# ABOUT THIS TASK
Restate each line of the listing exactly, without carrying over any pictures.

# EXERCISE DATA
++++++
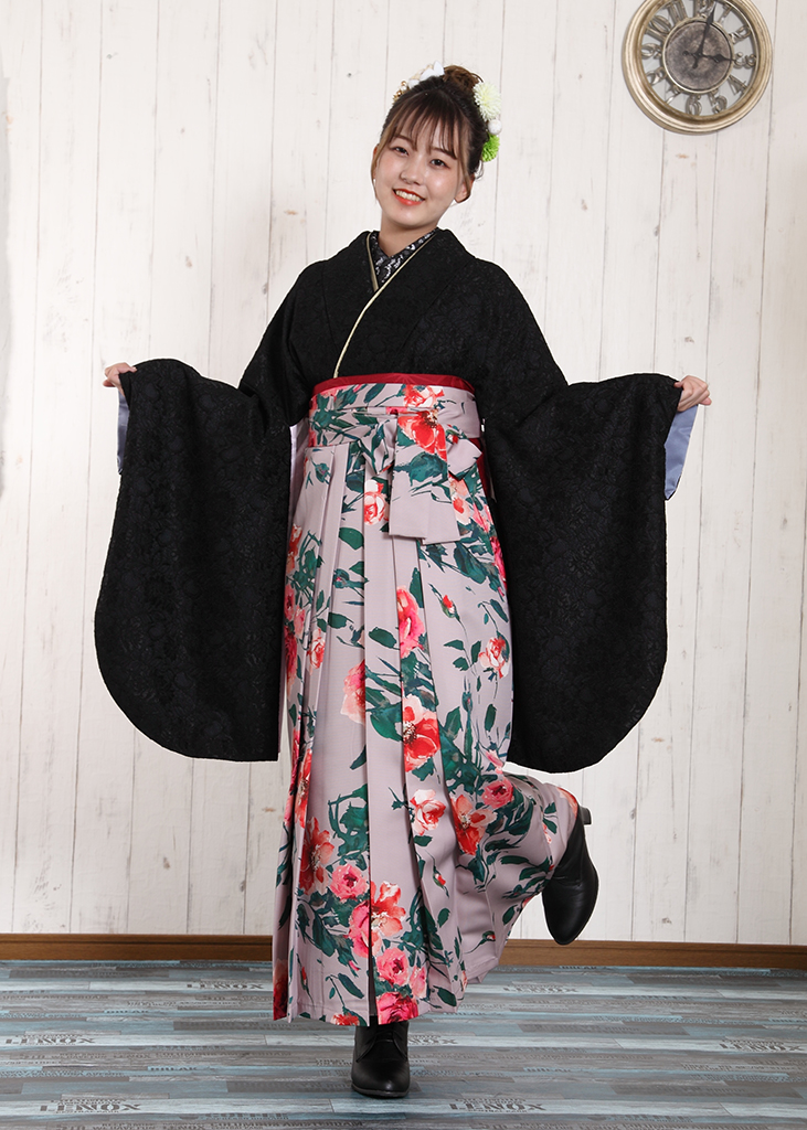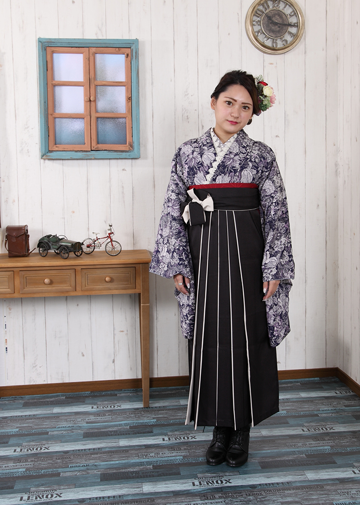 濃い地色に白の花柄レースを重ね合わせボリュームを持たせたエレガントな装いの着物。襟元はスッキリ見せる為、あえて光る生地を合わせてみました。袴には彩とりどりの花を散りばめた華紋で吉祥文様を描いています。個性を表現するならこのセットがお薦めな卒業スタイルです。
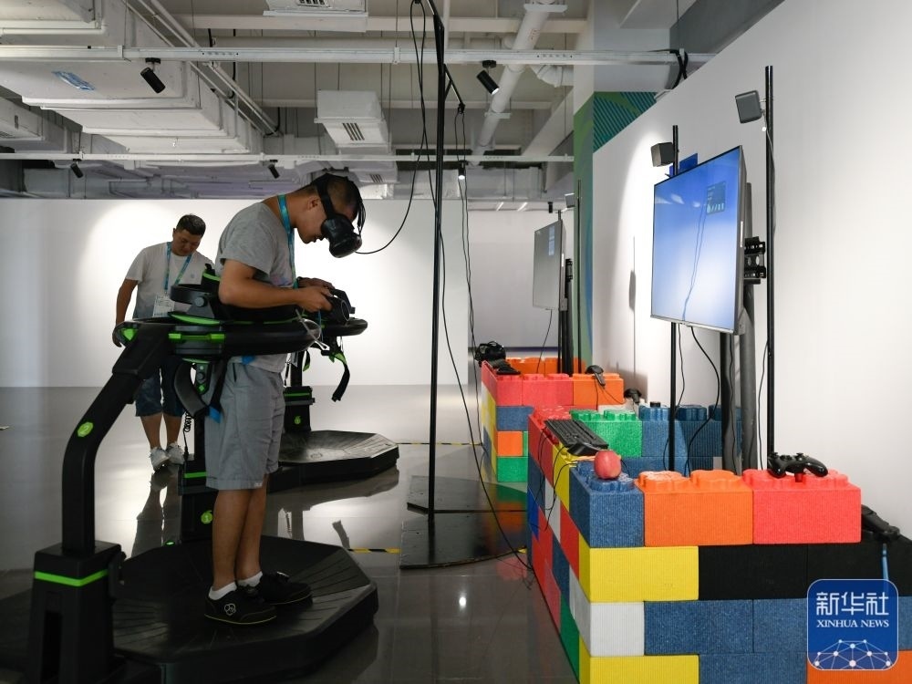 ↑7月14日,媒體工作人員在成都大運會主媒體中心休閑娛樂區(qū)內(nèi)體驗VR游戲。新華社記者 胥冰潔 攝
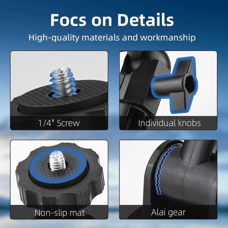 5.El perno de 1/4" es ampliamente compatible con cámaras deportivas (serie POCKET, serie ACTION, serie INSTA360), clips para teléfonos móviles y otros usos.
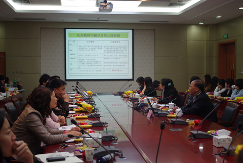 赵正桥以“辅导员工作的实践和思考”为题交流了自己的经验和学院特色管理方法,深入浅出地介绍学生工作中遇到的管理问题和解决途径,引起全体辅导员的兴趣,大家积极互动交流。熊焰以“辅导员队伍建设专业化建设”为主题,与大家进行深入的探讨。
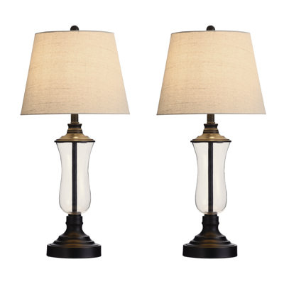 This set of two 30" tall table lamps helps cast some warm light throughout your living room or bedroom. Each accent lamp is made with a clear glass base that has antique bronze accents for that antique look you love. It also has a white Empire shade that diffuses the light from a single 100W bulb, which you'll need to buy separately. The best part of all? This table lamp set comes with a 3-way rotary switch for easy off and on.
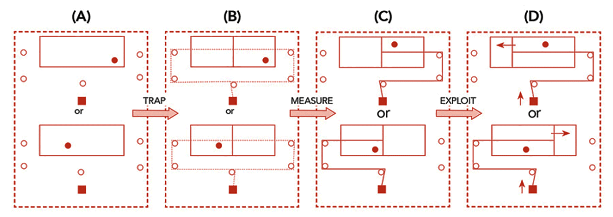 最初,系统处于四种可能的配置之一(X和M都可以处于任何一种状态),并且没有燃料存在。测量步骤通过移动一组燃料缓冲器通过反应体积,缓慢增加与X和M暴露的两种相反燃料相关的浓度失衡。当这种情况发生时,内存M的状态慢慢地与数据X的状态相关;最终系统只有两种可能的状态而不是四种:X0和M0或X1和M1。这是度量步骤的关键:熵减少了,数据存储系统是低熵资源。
++++++
# SOLUTION TO THE EXERCISE
 濃い地色に白の花柄レースを重ね合わせボリュームを持たせたエレガントな装いの着物。襟元はスッキリ見せる為、あえて光る生地を合わせてみました。袴には彩とりどりの花を散りばめた華紋で吉祥文様を描いています。個性を表現するならこのセットがお薦めな卒業スタイルです。
 ↑7月14日,媒體工作人員在成都大運會主媒體中心休閑娛樂區(qū)內(nèi)體驗VR游戲。新華社記者 胥冰潔 攝
 5.El perno de 1/4" es ampliamente compatible con cámaras deportivas (serie POCKET, serie ACTION, serie INSTA360), clips para teléfonos móviles y otros usos.
 赵正桥以“辅导员工作的实践和思考”为题交流了自己的经验和学院特色管理方法,深入浅出地介绍学生工作中遇到的管理问题和解决途径,引起全体辅导员的兴趣,大家积极互动交流。熊焰以“辅导员队伍建设专业化建设”为主题,与大家进行深入的探讨。
 This set of two 30" tall table lamps helps cast some warm light throughout your living room or bedroom. Each accent lamp is made with a clear glass base that has antique bronze accents for that antique look you love. It also has a white Empire shade that diffuses the light from a single 100W bulb, which you'll need to buy separately. The best part of all? This table lamp set comes with a 3-way rotary switch for easy off and on.
 最初,系统处于四种可能的配置之一(X和M都可以处于任何一种状态),并且没有燃料存在。测量步骤通过移动一组燃料缓冲器通过反应体积,缓慢增加与X和M暴露的两种相反燃料相关的浓度失衡。当这种情况发生时,内存M的状态慢慢地与数据X的状态相关;最终系统只有两种可能的状态而不是四种:X0和M0或X1和M1。这是度量步骤的关键:熵减少了,数据存储系统是低熵资源。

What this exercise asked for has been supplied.